_The problem_:
Exactly as written, output each of the lines below, with no images.

[Items listed in a dataset]
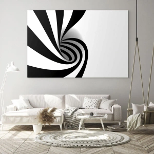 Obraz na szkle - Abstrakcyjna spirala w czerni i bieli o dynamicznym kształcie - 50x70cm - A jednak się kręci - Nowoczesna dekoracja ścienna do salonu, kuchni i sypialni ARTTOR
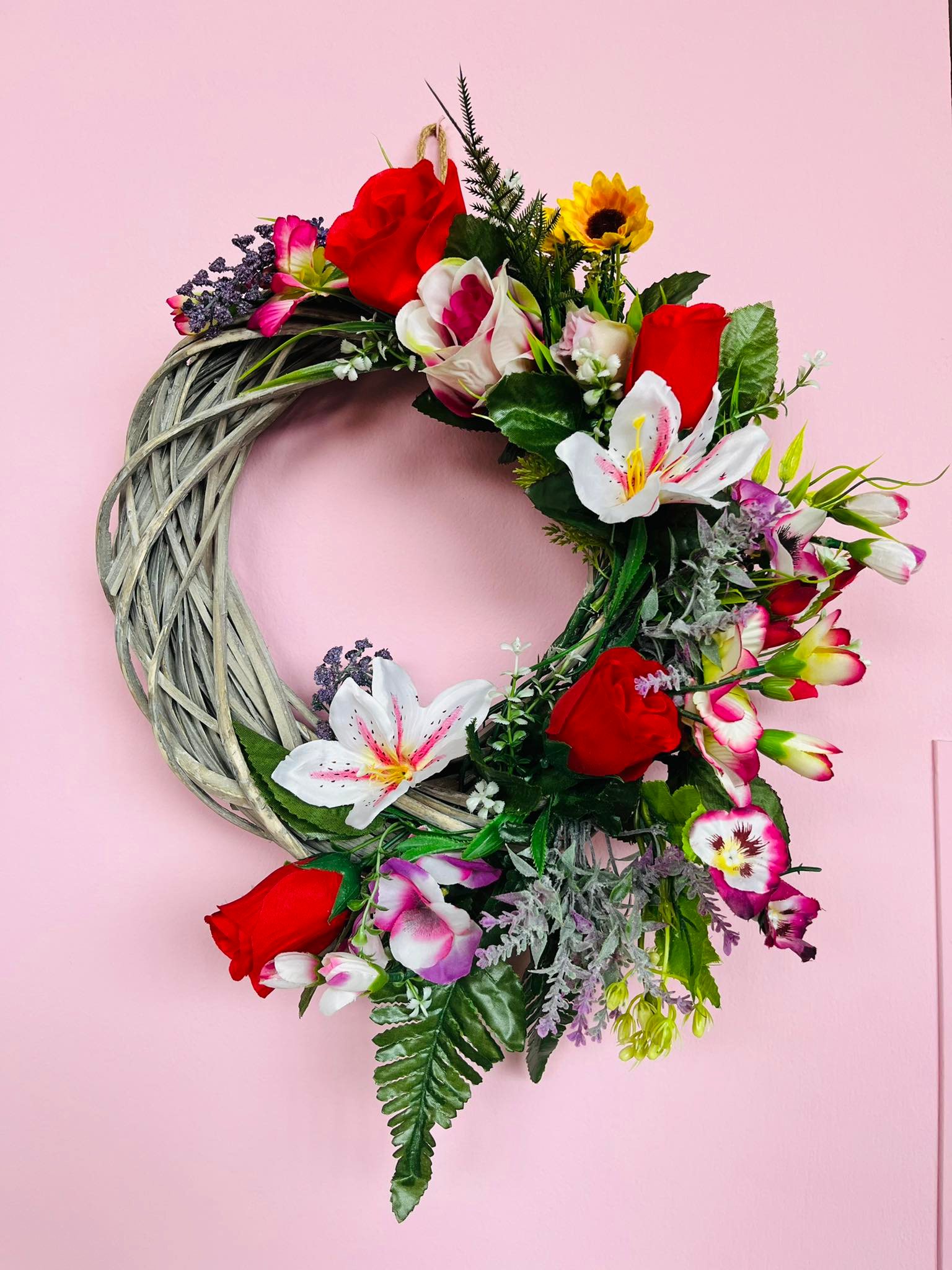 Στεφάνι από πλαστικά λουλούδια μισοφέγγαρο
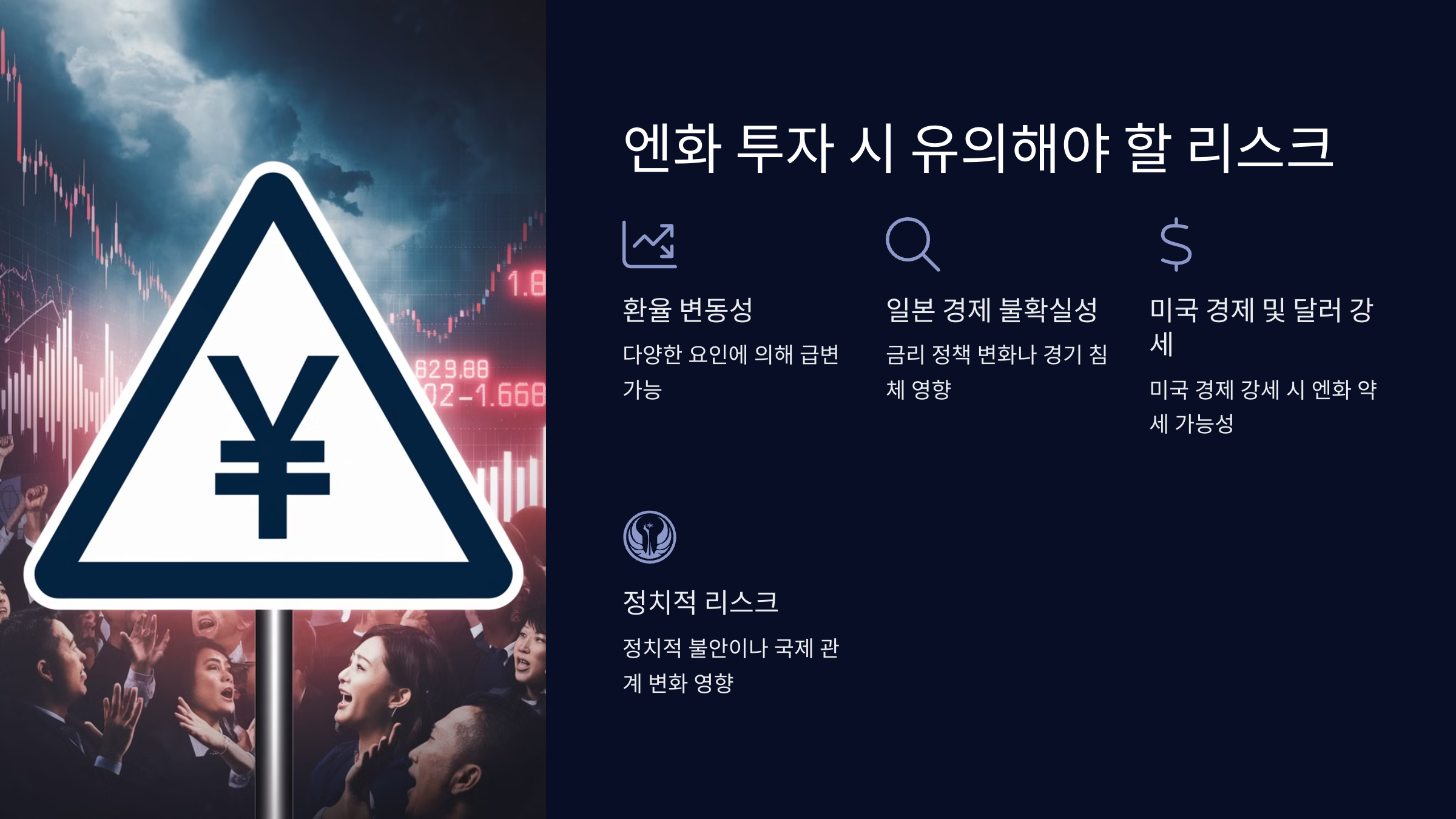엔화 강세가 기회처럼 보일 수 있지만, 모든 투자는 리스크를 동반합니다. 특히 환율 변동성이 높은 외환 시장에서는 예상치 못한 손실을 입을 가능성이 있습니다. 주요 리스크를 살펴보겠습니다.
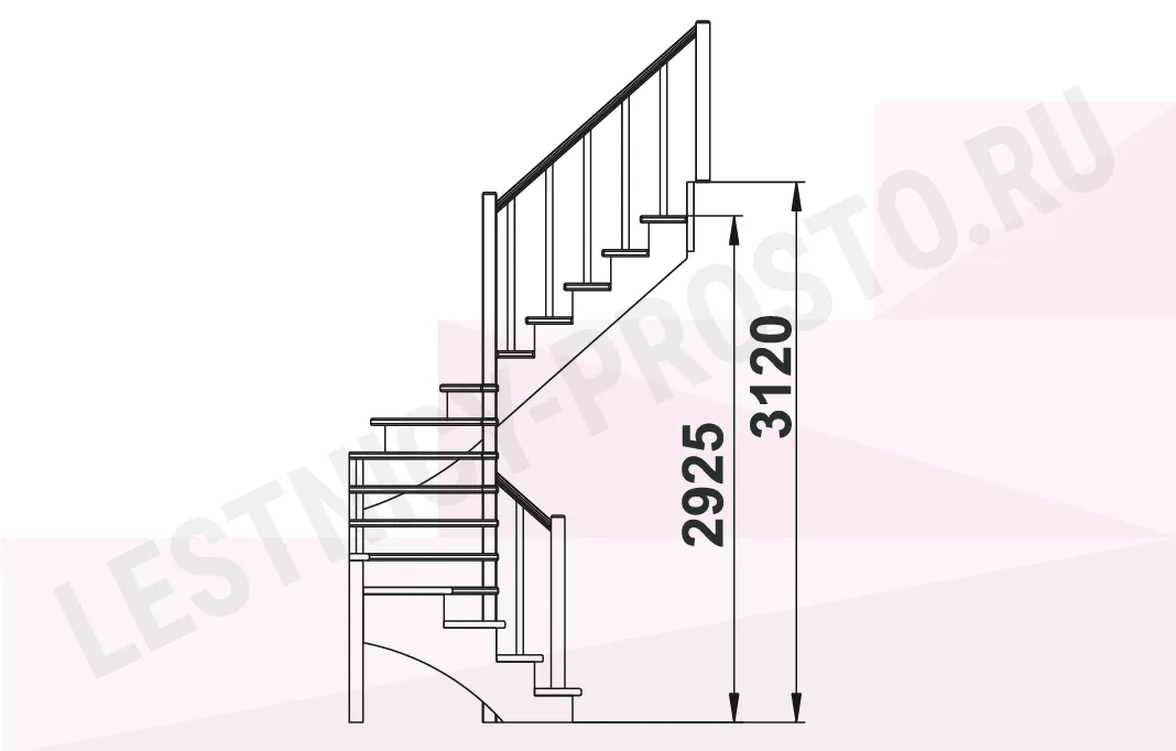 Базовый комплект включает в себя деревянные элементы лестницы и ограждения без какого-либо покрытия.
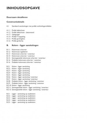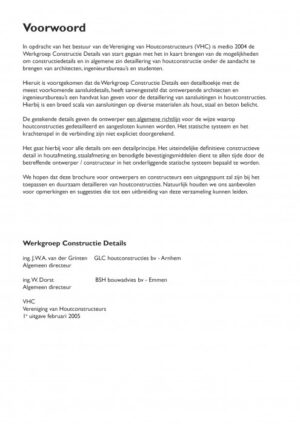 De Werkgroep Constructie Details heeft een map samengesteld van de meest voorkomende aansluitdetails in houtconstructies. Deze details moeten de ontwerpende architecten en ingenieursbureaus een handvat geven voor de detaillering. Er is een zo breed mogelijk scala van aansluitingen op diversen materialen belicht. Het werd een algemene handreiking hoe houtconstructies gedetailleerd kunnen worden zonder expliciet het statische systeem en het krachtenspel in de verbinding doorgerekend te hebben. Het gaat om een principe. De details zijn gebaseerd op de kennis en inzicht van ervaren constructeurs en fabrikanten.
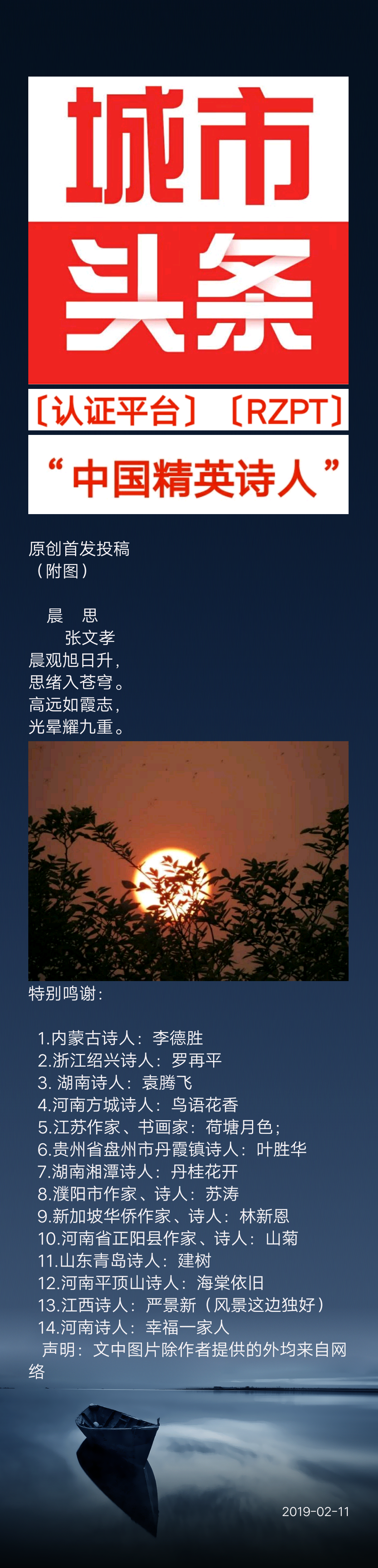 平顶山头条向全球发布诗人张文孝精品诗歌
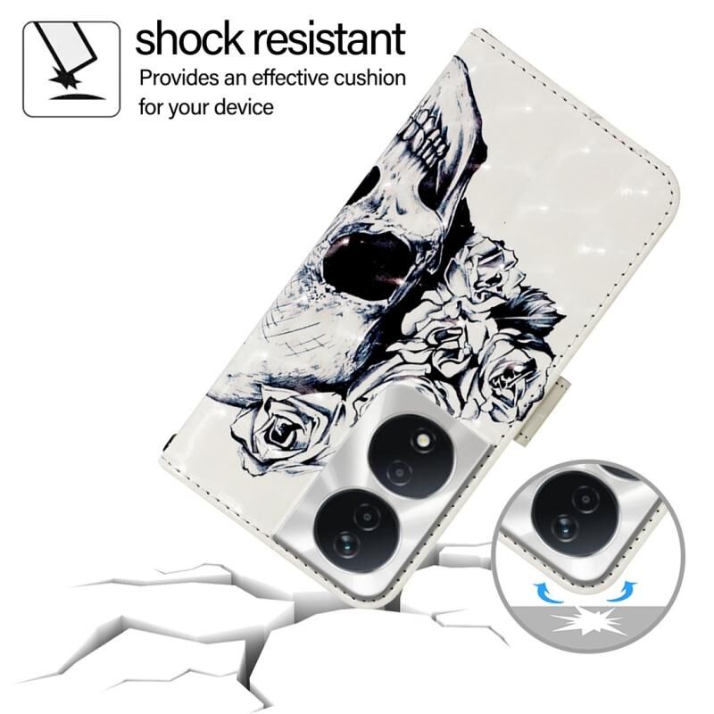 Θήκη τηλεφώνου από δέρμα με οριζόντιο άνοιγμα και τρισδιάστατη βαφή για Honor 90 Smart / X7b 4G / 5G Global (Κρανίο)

_Output for this exercise_:
 Obraz na szkle - Abstrakcyjna spirala w czerni i bieli o dynamicznym kształcie - 50x70cm - A jednak się kręci - Nowoczesna dekoracja ścienna do salonu, kuchni i sypialni ARTTOR
 Στεφάνι από πλαστικά λουλούδια μισοφέγγαρο
엔화 강세가 기회처럼 보일 수 있지만, 모든 투자는 리스크를 동반합니다. 특히 환율 변동성이 높은 외환 시장에서는 예상치 못한 손실을 입을 가능성이 있습니다. 주요 리스크를 살펴보겠습니다.
 Базовый комплект включает в себя деревянные элементы лестницы и ограждения без какого-либо покрытия.
 De Werkgroep Constructie Details heeft een map samengesteld van de meest voorkomende aansluitdetails in houtconstructies. Deze details moeten de ontwerpende architecten en ingenieursbureaus een handvat geven voor de detaillering. Er is een zo breed mogelijk scala van aansluitingen op diversen materialen belicht. Het werd een algemene handreiking hoe houtconstructies gedetailleerd kunnen worden zonder expliciet het statische systeem en het krachtenspel in de verbinding doorgerekend te hebben. Het gaat om een principe. De details zijn gebaseerd op de kennis en inzicht van ervaren constructeurs en fabrikanten.
 平顶山头条向全球发布诗人张文孝精品诗歌
 Θήκη τηλεφώνου από δέρμα με οριζόντιο άνοιγμα και τρισδιάστατη βαφή για Honor 90 Smart / X7b 4G / 5G Global (Κρανίο)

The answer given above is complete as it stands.